── THE DATA

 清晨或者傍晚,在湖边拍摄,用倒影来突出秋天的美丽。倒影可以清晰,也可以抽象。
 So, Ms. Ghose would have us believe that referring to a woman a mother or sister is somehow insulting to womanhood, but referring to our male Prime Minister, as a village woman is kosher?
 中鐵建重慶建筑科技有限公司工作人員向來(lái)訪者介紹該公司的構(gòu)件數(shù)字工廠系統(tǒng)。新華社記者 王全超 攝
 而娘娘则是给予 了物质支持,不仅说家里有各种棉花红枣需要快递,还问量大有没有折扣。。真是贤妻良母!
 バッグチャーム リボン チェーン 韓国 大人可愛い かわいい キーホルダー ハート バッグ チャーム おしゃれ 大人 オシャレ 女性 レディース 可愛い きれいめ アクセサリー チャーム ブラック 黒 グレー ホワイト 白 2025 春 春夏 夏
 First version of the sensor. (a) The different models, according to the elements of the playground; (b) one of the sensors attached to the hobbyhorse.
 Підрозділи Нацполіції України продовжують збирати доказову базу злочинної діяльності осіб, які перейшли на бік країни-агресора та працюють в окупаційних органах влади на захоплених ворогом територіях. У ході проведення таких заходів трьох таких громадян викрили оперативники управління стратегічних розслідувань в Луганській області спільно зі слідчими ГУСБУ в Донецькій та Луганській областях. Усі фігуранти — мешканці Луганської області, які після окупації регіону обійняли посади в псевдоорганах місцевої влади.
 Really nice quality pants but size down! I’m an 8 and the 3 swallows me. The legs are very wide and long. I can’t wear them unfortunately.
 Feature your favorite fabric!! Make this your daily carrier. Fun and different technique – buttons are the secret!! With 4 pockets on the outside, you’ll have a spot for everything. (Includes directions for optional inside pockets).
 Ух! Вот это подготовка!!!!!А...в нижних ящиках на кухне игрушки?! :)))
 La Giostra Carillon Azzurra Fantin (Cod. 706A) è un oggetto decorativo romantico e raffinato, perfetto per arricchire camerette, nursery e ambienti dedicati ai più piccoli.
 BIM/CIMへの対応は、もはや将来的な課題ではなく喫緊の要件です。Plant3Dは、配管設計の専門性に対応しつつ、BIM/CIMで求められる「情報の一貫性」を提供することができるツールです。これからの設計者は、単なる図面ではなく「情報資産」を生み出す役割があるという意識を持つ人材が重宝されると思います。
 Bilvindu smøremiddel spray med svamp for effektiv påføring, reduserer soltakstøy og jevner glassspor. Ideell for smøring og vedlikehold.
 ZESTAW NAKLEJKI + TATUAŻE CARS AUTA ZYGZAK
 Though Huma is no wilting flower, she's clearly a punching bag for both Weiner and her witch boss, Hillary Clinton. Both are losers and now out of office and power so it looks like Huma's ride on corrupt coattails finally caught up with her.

────
── THE DATA

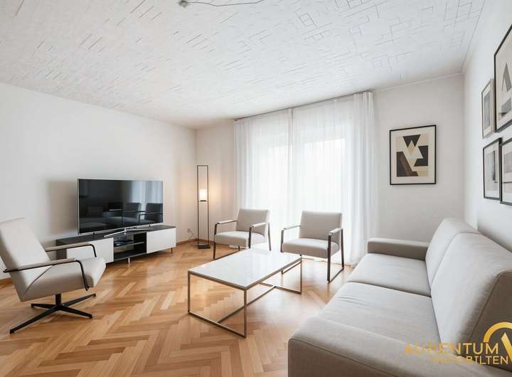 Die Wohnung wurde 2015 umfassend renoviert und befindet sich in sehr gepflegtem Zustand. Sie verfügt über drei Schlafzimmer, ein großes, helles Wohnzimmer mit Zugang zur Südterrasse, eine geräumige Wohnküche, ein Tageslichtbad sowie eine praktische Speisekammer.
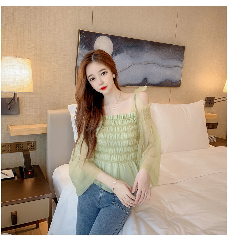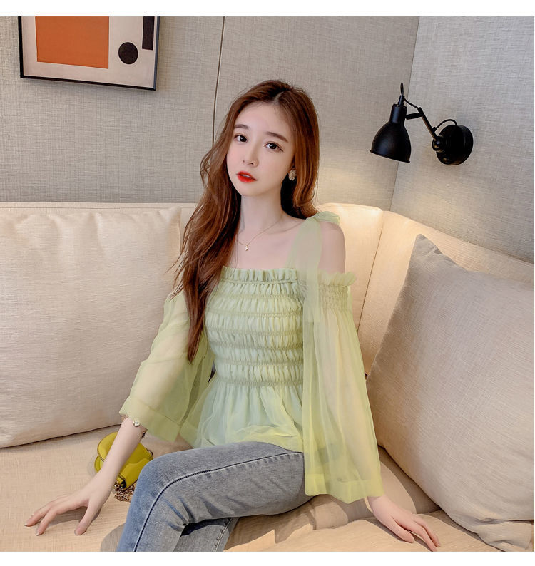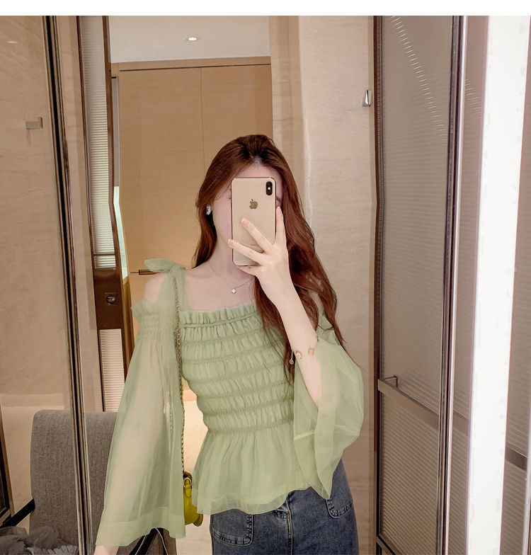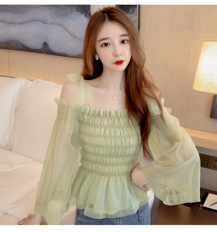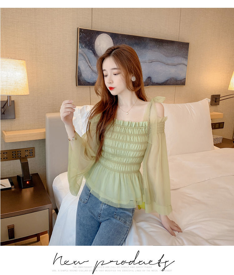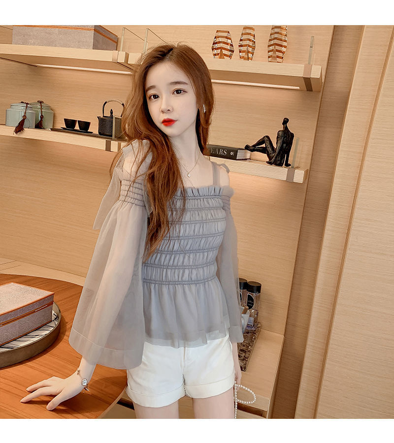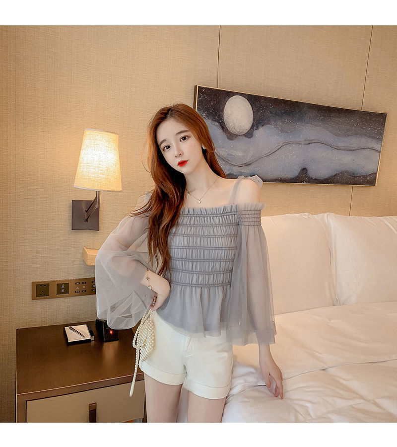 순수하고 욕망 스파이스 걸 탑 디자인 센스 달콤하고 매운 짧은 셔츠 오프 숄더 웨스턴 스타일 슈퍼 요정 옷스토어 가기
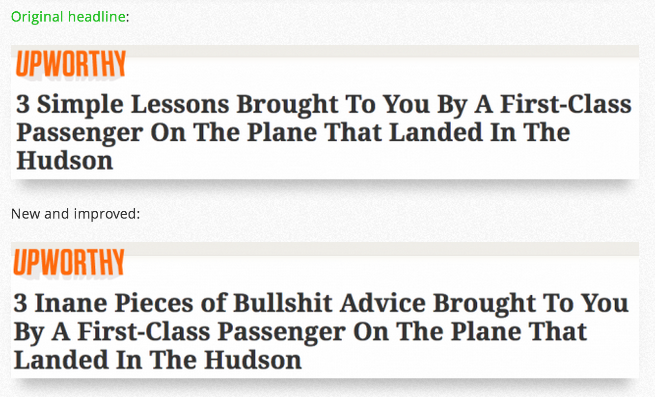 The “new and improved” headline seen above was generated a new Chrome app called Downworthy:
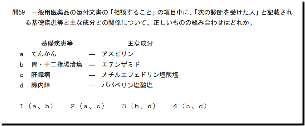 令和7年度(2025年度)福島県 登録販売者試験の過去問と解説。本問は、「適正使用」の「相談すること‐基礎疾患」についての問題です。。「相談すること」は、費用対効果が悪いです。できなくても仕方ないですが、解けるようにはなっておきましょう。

────

### PROBLEM
Begin at the line that has "バッグチャーム リボン チェーン" in the entries above; stop after the line that has "Really nice quality". Transcribe exactly those lines and no others.

### OUTPUT OF THE EXERCISE
 バッグチャーム リボン チェーン 韓国 大人可愛い かわいい キーホルダー ハート バッグ チャーム おしゃれ 大人 オシャレ 女性 レディース 可愛い きれいめ アクセサリー チャーム ブラック 黒 グレー ホワイト 白 2025 春 春夏 夏
 First version of the sensor. (a) The different models, according to the elements of the playground; (b) one of the sensors attached to the hobbyhorse.
 Підрозділи Нацполіції України продовжують збирати доказову базу злочинної діяльності осіб, які перейшли на бік країни-агресора та працюють в окупаційних органах влади на захоплених ворогом територіях. У ході проведення таких заходів трьох таких громадян викрили оперативники управління стратегічних розслідувань в Луганській області спільно зі слідчими ГУСБУ в Донецькій та Луганській областях. Усі фігуранти — мешканці Луганської області, які після окупації регіону обійняли посади в псевдоорганах місцевої влади.
 Really nice quality pants but size down! I’m an 8 and the 3 swallows me. The legs are very wide and long. I can’t wear them unfortunately.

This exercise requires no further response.